A Platform for Advancement
SADIS provides a forum for researchers, practitioners, and industry experts to exchange ideas and explore advancements in software architecture for data-intensive systems. The workshop will focus on scalable, secure, and efficient solutions, discussing innovative methods, frameworks, and tools to enhance data-intensive workflows, integration, and real-world adaptability.
SADIS
- ML training pipelines
- Extreme flexibility
- User in the loop aspects
- Online optimization
- Architectural approaches for MLOps
- Decentralized architectures for data-intensive systems
- Data-intensive CPS/IoT and edge-cloud systems
- Patterns
- Model-driven approaches for data-intensive systems and data workflows
- Domain-specific languages for data-intensive systems and data workflows
- Reference architectures for data-intensive systems and data workflows
- Security and privacy concerns for data pipelines
- Distributed ledgers and NFTs
- Integration with data sources
- Digital Twins
- Micro-frontends and architectures for data visualization and presentation
- Approaches for integration of data pipelines
- Adaptive visualization approaches
- Explainable AI
- Building knowledge across experiments
- Continuous data-driven optimization via experiments
- Architecture approaches, challenges, implications of AutoML
SADIS
The workshop invites four types of submissions:
- Research Contributions (long papers, up to 12 pages LNCS): Full research papers presenting novel contributions and theoretical advancements in software architectures for data-intensive systems. These submissions should provide an in-depth analysis, rigorous evaluation, and significant contributions to the field
- Case Studies/Experience Reports from Industry (short papers, up to 8 pages LNCS): Contributions that share practical insights, challenges, and lessons learned from real-world implementations of software architectures. While these papers may not focus on novelty, they offer valuable perspectives on addressing industrial challenges.

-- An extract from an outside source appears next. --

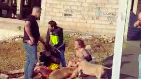 Uno de los canes, en un primer momento, permanece junto al detenido mientras que otros dos atacan a un agente que, para detener la embestida, emplea un palo para intentar asustar a los animales.
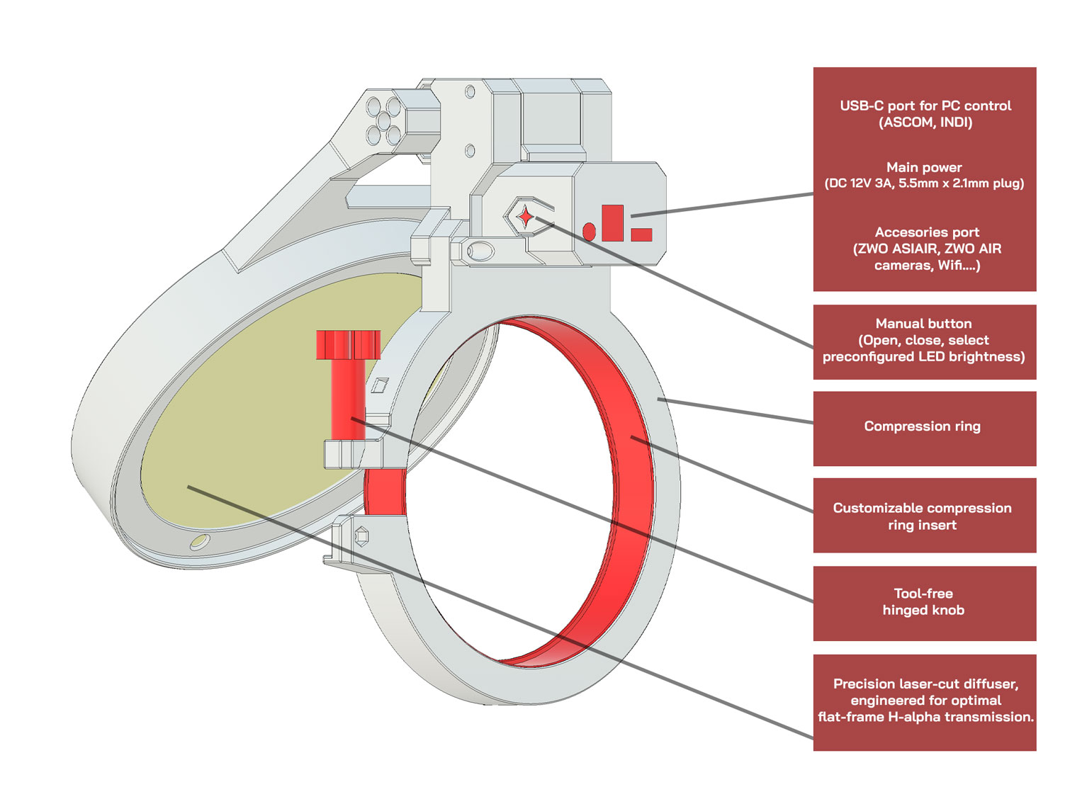 - Precision laser-cut diffuser, engineered to match the exact diameter for optimal flat-frame H-alpha transmission

- Artifacts/Benchmarks/Tools/Platforms (short papers, up to 8 pages LNCS): Papers showcasing innovative tools, platforms, or benchmarks that support the design, development, or evaluation of data-intensive systems. These contributions should provide practical solutions or demonstrate the potential for real-world application.

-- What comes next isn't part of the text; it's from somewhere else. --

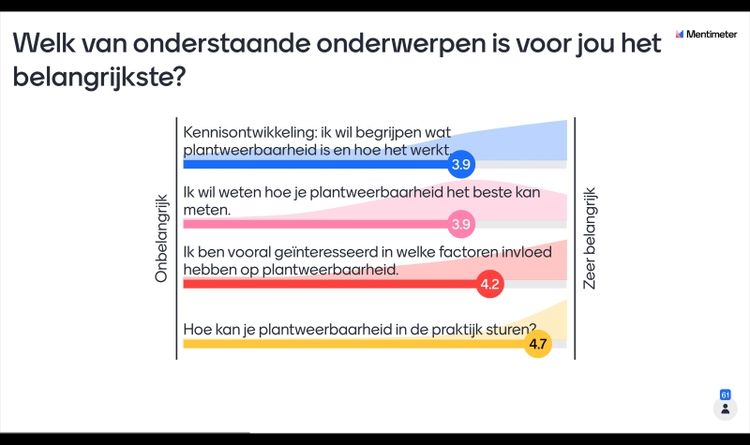 Vervolgens konden de deelnemers via een korte interactieve sessie onder leiding van Frank Hoeberichts aangeven waar zij aan denken bij 'plantweerbaarheid'. Dit leverde een mooie verzameling aan termen op. Ook konden de deelnemers aangeven welke aspecten van plantweerbaarheid voor hen het belangrijkst zijn. Vooral de sturing van plantweerbaarheid in de praktijk blijkt op veel interesse te kunnen rekenen.

- Dissemination Papers: Already published papers from top software/data engineering venues that are relevant to the workshop. Please upload the original submission and abstract to our submission site. Please indicate where the paper has been accepted as a first sentence in the abstract. Dissemination papers will go through a short review from the organizers, checking for their quality and relevance to the workshop. Dissemination papers will not be included in the workshop proceedings.
Submissions must be written in English and follow the LNCS format guidelines. All submissions will be reviewed by at least three members of the Program Committee (or their sub-reviewers) and will be evaluated based on relevance, quality, and originality.
At least one author of each accepted paper is required to register, attend, and present the work at the workshop. The workshop especially encourages PhD students and early-career researchers to contribute visionary ideas and preliminary work, fostering innovation and creativity in the field.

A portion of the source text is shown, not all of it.